Re: [0/4] Proposal of SE-PostgreSQL patches

From: KaiGai Kohei <kaigai(at)ak(dot)jp(dot)nec(dot)com>
To: Tom Lane <tgl(at)sss(dot)pgh(dot)pa(dot)us>
Cc: pgsql-hackers(at)postgresql(dot)org, KaiGai Kohei <kaigai(at)kaigai(dot)gr(dot)jp>, kaigai(at)ak(dot)jp(dot)nec(dot)com
Subject: Re: [0/4] Proposal of SE-PostgreSQL patches
Date: 2008-05-07 05:52:27
Message-ID: 4821439B.8010006@ak.jp.nec.com
Views: Raw Message | Whole Thread | Download mbox | Resend email
Thread:
Lists: pgsql-hackers pgsql-patches

Tom, Thanks for your reviewing.

Tom Lane wrote:
> KaiGai Kohei <kaigai(at)ak(dot)jp(dot)nec(dot)com> writes:
>> I updated the series of SE-PostgreSQL patches for the latest pgsql-8.4devel tree.
>
> I tried to do a bit of testing of this, but it does not work on current
> Fedora 8, because the policy module doesn't build:
>
> [tgl(at)rh2 sepgsql-policy]$ make
> make -f /usr/share/selinux/devel/Makefile NAME=targeted
> make[1]: Entering directory `/home/tgl/sepgsql/contrib/sepgsql-policy'
> Compiling targeted sepostgresql module
> /usr/bin/checkmodule: loading policy configuration from tmp/sepostgresql.tmp
> sepostgresql.te:349:ERROR 'syntax error' at token 'corenet_tcp_recvfrom_labeled' on line 5675:
> # NOTE: These changes are to be merged in the later releases.
> corenet_tcp_recvfrom_labeled(sepgsql_server_type, sepgsql_client_type)
> /usr/bin/checkmodule: error(s) encountered while parsing configuration
> make[1]: *** [tmp/sepostgresql.mod] Error 1
> make[1]: Leaving directory `/home/tgl/sepgsql/contrib/sepgsql-policy'
> make: *** [sepostgresql.pp] Error 2
> [tgl(at)rh2 sepgsql-policy]$

This policy can be built on Fedora 9 or rawhide now.
The latest selinux-policy on Fedora 8 does not contain labeled networking
interfaces, so it makes errors.

FYI,
I also have a discussion to merge the SE-PostgreSQL security policy module
into the default upstreamed policy (called as reference policy).
http://marc.info/?t=120574668300001&r=1&w=2

I guess it will be merged former than the release date of PostgreSQL v8.4,
so it may not be necessary to include it within contrib/ .

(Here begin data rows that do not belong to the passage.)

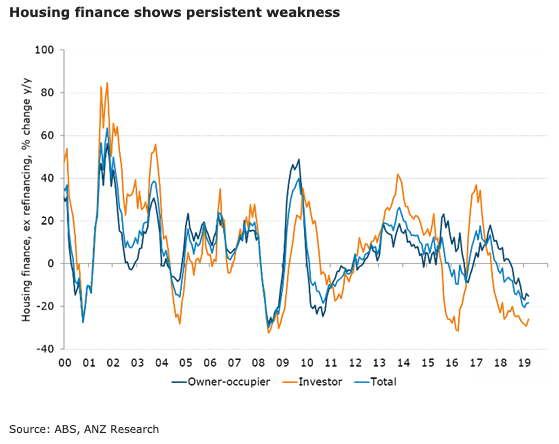 Meanwhile, investor finance is still falling quickly. The annual loss in investor finance has been at least 20 percent each month since February 2018. However, the annual result was the smallest decline in 2019 so far.
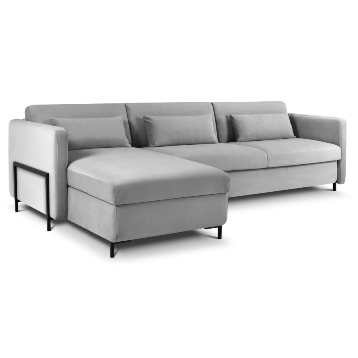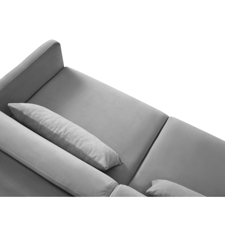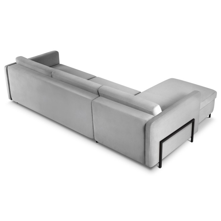 The solid pine wood frame and black metal legs 10 cm high emphasise the unique character of the furniture. Three backrest cushions and three under-arm cushions filled with Foam Crisp and silicone add to the comfort. The Yanis Welur corner sofa is a luxurious piece of furniture that will be perfect for modern interiors.
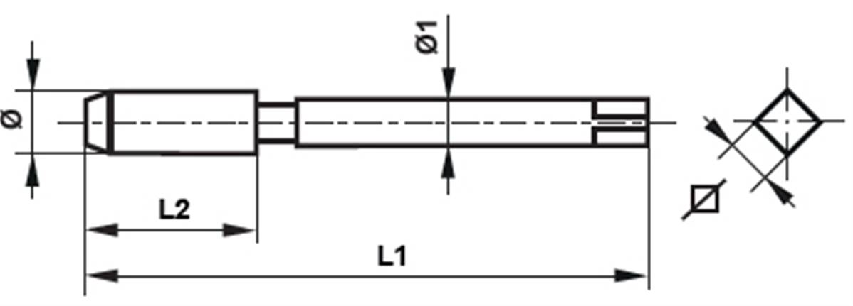 Taraud machine HSS-E(Co5%) filetage unifié pas fin ANSI B1.1 Forme B entrée GUN DIN 376 UNF 1" x 14filets/pouce Tol. 2B L1: 150mm L2: 28mm Ø1: 20mm Carré: 16mm
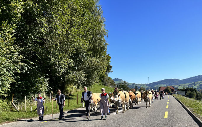 Uns folgen die Leitkuh und alle anderen dazwischen immer wieder Helfer (insgesamt 12) die schauen, dass die Tiere nicht ausscheren oder stehen bleiben. Am Anfang geht es über Kieswege durch Wald und es ist noch angenehm kühl. Die Tiere sind noch stürmisch und wir müssen schauen, dass sie nicht zu schnell gehen. Sie laufen nicht gerne auf Kies und Asphalt und versuchen wo immer möglich auf Wiesenstreifen zu gehen. Es geht wunderbar, dann ändert sich die Umgebung, wir kommen ins Tal, zwischen Häusern mit Gärten hindurch. Der Älpler hat überall wo es kritisch werden könnte Zäune oder Bänder gespannt. Man merkt die 25 Jahre Erfahrung. Wir kommen Richtung Hauptstrasse und da gibt es plötzlich Handzeichen von vorne ( die Trychlen sind zu laut als dass wir miteinander sprechen könnten), dass wir stehen bleiben müssen. Das war der Moment wo grosse Anspannung herrschte. Es ist nämlich nicht so einfach so eine Kuhkarawane zum stehen zu bringen. Da wir aber in Blöcken liefen wo immer wieder Helfer zwischen drin waren, brauchten wir nur etwa 50 Meter bis alle Tiere zum Stillstand kamen. Und dann mussten wir etwa 5 Minuten warten bis ein anderer Abzug vorbei war und dann durften wir auf die Hauptstrasse. Vorne weg hatten wir einen Motorradfahrer der die entgegenkommenden Auto-, Motorrad und Velofahrer sensibilisiert und zum anhalten aufgefordert hat. Das hat für mehr Sicherheit gesorgt, auch wenn es nicht gleich alle kapiert haben.

In the next patch set, I like to provide it with different form.

> In the meantime, here are some random comments after my failed test
> build and a very fast scan through the patch:

> The patch tries to re-add ipcclean to the source tree --- probably a
> merge error?

I don't intend to modify ipcclean.
It is a bug in patch generation scripts, to be fixed soon.

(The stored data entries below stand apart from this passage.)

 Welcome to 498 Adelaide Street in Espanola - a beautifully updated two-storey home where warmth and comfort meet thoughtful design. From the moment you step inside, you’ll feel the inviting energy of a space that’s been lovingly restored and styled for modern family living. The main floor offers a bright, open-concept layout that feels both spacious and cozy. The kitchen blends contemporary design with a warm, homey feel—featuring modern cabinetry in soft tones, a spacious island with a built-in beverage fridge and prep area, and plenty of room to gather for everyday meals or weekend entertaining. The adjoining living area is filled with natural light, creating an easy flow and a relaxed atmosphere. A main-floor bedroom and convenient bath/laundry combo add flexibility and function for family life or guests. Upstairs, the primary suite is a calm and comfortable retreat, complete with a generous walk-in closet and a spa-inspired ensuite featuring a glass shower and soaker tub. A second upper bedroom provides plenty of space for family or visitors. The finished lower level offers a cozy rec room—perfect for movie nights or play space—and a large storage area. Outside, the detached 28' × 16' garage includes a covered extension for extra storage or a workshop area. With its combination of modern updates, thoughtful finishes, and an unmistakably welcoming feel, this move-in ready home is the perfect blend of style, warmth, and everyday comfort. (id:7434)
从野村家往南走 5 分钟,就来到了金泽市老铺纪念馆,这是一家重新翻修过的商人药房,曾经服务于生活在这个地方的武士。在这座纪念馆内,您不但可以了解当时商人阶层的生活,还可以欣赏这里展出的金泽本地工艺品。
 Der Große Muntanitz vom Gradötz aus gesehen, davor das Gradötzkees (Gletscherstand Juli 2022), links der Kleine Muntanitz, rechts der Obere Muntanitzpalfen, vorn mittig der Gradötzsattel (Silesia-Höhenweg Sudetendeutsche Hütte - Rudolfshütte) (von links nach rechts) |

> autoconf complains about the description-free AC_DEFINEs

OK, I add the following descriptions for my AC_DEFINEs.

AC_DEFINE(SECURITY_SYSATTR_NAME, "security_context",
[Enables system column for security attribute support])
AC_DEFINE_UNQUOTED(HAVE_SELINUX, 1,
[Enables SE-PostgreSQL feature])

> Doesn't compile warning-free if selinux not enabled ... for that matter,
> it doesn't compile warning-free if selinux IS enabled.

Does it mean you run configure script without --enable-selinux?
I also confirmed some warnings to be fixed in the next patch set.
Or, is selinux disabled on your workstation?

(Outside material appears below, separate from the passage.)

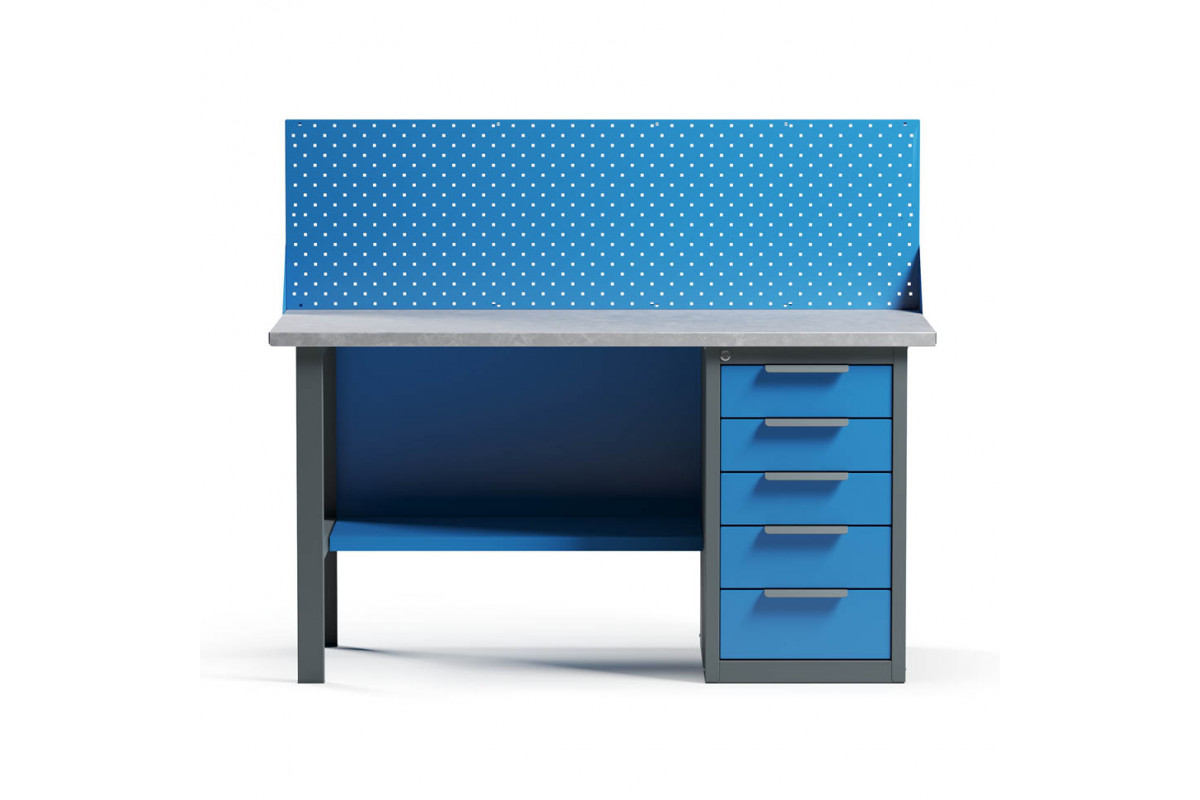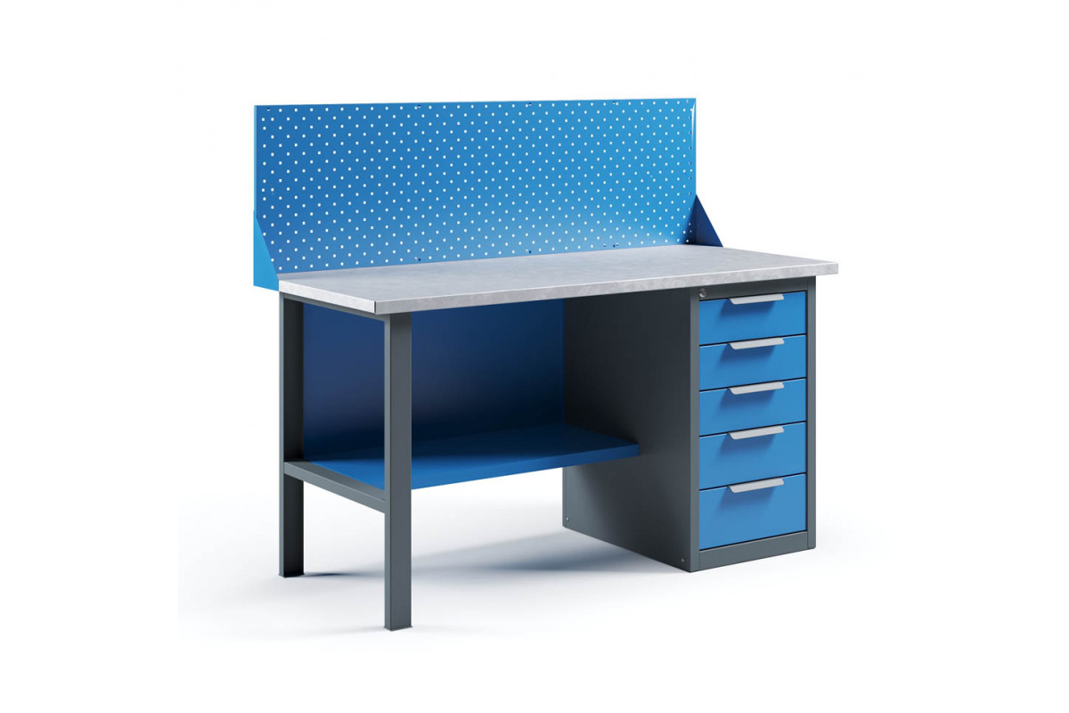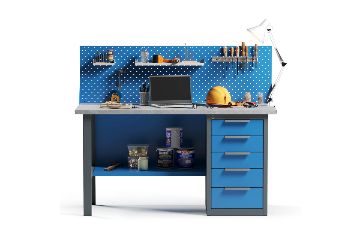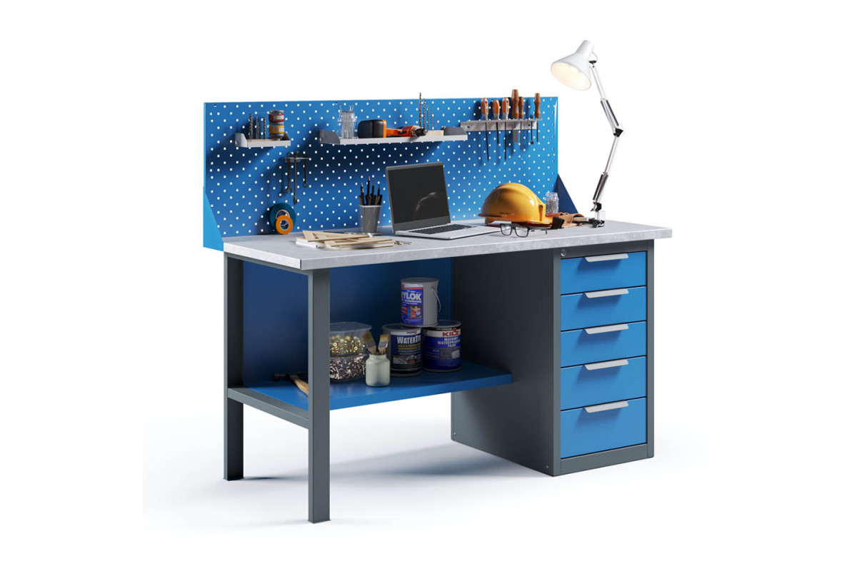 - Верстак укомплектован драйвером с пятью выдвижными ящиками разными по высоте и тумбой с полками.

> No documentation updates whatsoever :-(

OK, I'll add a new documentation at doc/src/sgml .
Is it your intention, isn't it?

> About half of the patch seems to be conditional on
> #ifdef SECURITY_SYSATTR_NAME
> and the other half on
> #ifdef HAVE_SELINUX
> This seems bizarre: is there really any chance that there are two
> independently usable chunks of code here? And why is it conditional
> on a macro that is a field name, rather than conditional on a feature
> macro? That is, I'd expect to see something like
> #ifdef ENABLE_SEPOSTGRES
> throughout.

SECURITY_SYSATTR_NAME is a name of security attribute system column,
and used to enable/disable this feature provided by PGACE.
I think PGACE has possible users more than SELinux, like Solaris TX.
Applying separated symbols are worthwhile when a new security module
requires security attribute but it is not SELinux.

> For that matter, what is the point of treating SECURITY_SYSATTR_NAME
> as a configurable thing in the first place? I can hardly imagine a
> worse idea than a security-critical column having different names in
> different installations.

SECURITY_SYSATTR_NAME is defined as "security_context" in SE-PostgreSQL.
However, it is a special term of SELinux.
If we can agree this name, we don't have to abstract the name of security
attribute system column.

> The patch hasn't got a mode in which SELinux support is compiled in but
> not active. This is a good way to ensure that no one will ever ship
> standard RPMs with the feature compiled in, because they will be entirely
> nonfunctional for people who aren't interested in setting up SELinux.
> I think you need an "enable_sepostgres" GUC, or something like that.
> (Of course, the overhead of the per-row security column would probably
> discourage anyone from wanting to use such a configuration anyway,
> so maybe the point is moot.)

We can turn on/off SELinux globally, not bounded to SE-PostgreSQL.
The reason why I didn't provide a mode bit like "enable_sepostgresql"
is to keep consistency in system configuration.
It is undesirable situation to disable SELinux on a partial inter-process
communication channels.

BTW, what does it mean the overhead of the per-row security column?
When SELinux is disabled, it is not labeled and does not consume any
additional spaces.

> sepgsql-policy has got usability problems:
> * It should pay attention to the configured installation PREFIX instead of
> hardwiring a couple of random possible installation locations
> * It can only support the build machine's SELINUXTYPE --- how am I supposed
> to produce RPMs that support all available types?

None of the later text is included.